Kwality Wall's
- Type: Public Subsidiary
- Traded as: NSE: KWIL BSE: 544622
- Industry: Food
- Founded: 1956; 70 years ago
- Headquarters: Mumbai, Maharashtra, India
- Products: Ice creams, Ice Lollies and Sorbets.
- Owner: The Magnum Ice Cream Company (61.9%);
- Parent: Hindustan Unilever Limited (1995–2025); The Magnum Ice Cream Company (2025–present);
- Website: kwalitywalls.in

= Kwality Wall's =

Indian food company

Kwality Wall's is an Indian multinational ice cream company. It is majority owned by The Magnum Ice Cream Company, which acquired it from Indian consumer goods company Hindustan Unilever in 2025. It is a major producer and distributor of frozen dessert products in India, Bangladesh, Bhutan, Brunei, Myanmar, Nepal, Sri Lanka, Thailand, Singapore and Malaysia. In Pakistan and Bangladesh, it is known simply as "Wall's".

==History==
Kwality, the original Indian company, was founded in 1956, and was the first in the region to import machinery for the mass production and sale of ice cream on a commercial scale. In 1995, in view of the growth potential of the frozen confections market, Kwality entered into an agreement with Hindustan Unilever, and has since been known by its current umbrella name. Its name was created out of two previously separate independent companies that Unilever took over: Kwality of India and Wall's of United Kingdom that constituted larger ice cream business for Unilever. At the same time, other brands acquired by Hindustan Unilever, such as Gaylord-Milkfood, were phased out in favour of promoting the Kwality Wall's brand. This arrangement allows for local production and sale of Wall's products that are popular in its home market, such as the Cornetto cone, and to create local variations on others, such as the Feast Jaljeera Blast. Kwality Wall's was ranked 464th among India's most trusted brands according to the Brand Trust Report 2012, a study conducted by Trust Research Advisory. In the Brand Trust Report 2013, Kwality Wall's was ranked 632nd among India's most trusted brands and subsequently, according to the Brand Trust Report 2014, Kwality Wall's was ranked 382nd among India's most trusted brands.

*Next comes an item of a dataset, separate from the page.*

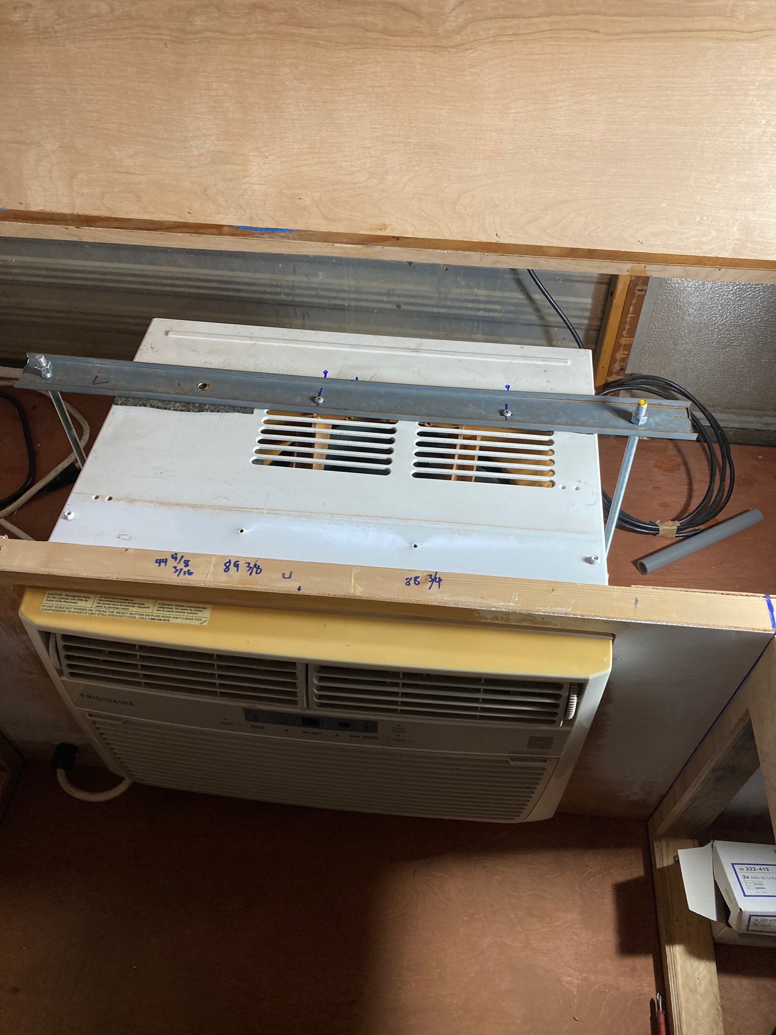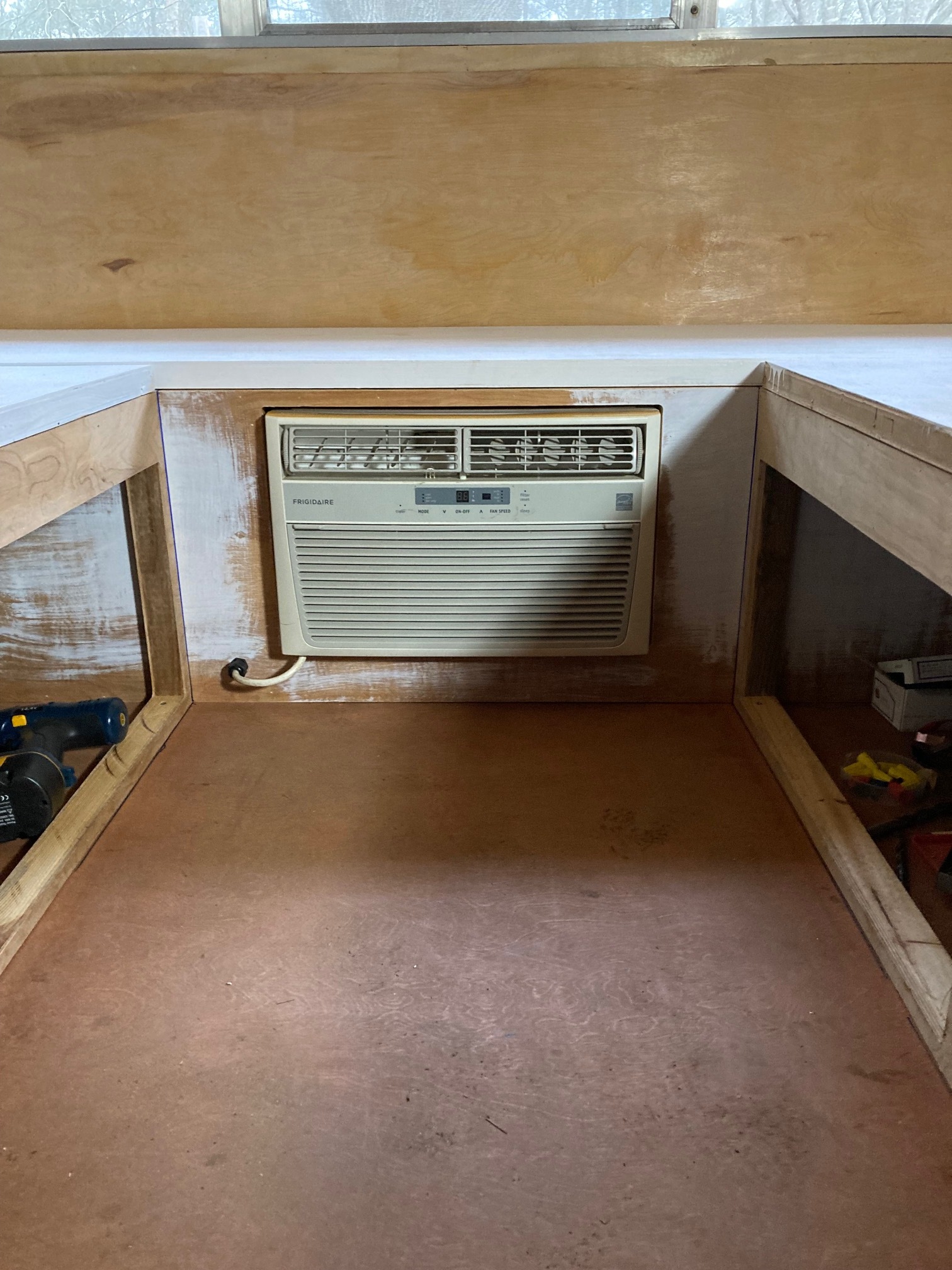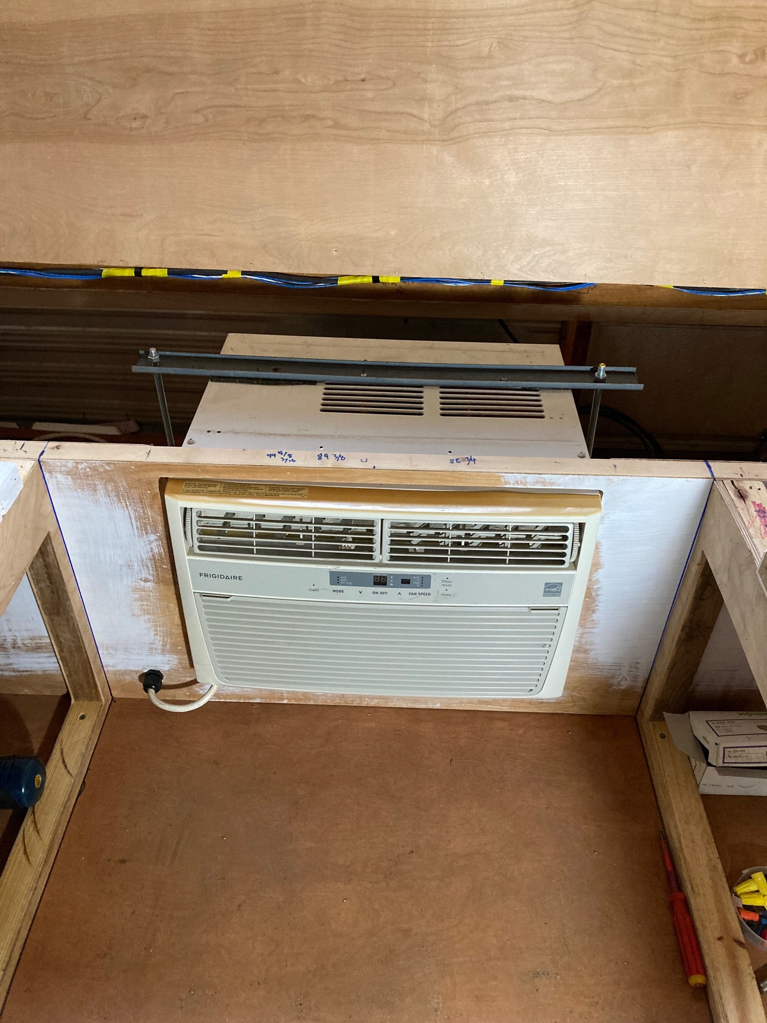 Looking great! I like the t&g interior! Good idea with the exhaust fan for the air conditioner. Should help its efficiency quite a bit.

In August 2013, Kwality Wall's extended to Bangladesh, Bhutan, Brunei and Nepal.

As part of larger restructuring Unilever divested all of its ice cream business worldwide and created The Magnum Ice Cream Company. As part of regional process, Hindustan Unilever also divested its ice cream business to create Kwality Walls India Limited.

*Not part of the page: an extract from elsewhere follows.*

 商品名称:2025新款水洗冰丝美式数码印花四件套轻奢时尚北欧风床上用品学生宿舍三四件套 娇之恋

In 2026 Kwality Wall's announced they are changing all their Frozen desserts products to real Ice cream.

Under this new structure, Kwality Wall's portfolio is splitting into two clear, distinct categories: Real Milk Ice Cream for creamy products, and entirely separate categories for Ice Lollies and Sorbets.

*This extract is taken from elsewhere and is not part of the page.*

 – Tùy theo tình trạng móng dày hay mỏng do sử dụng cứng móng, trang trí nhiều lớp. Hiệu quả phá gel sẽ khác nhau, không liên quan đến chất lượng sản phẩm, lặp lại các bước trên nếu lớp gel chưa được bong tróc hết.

All milk based Kwality Walls Frozen desserts are being converted to real ice cream by 2027.

==Logo==
Logo used for Kwality Wall's was a slight variation from that used by the other Heartbrand products, in that there are two distinct hearts in the Kwality Wall’s logo (with the inner heart being closed but the outer heart having a gap), rather than a single stroke forming both hearts. Heartbrand logo is used on the Kwality Wall's India website, but the logo variant is used on products.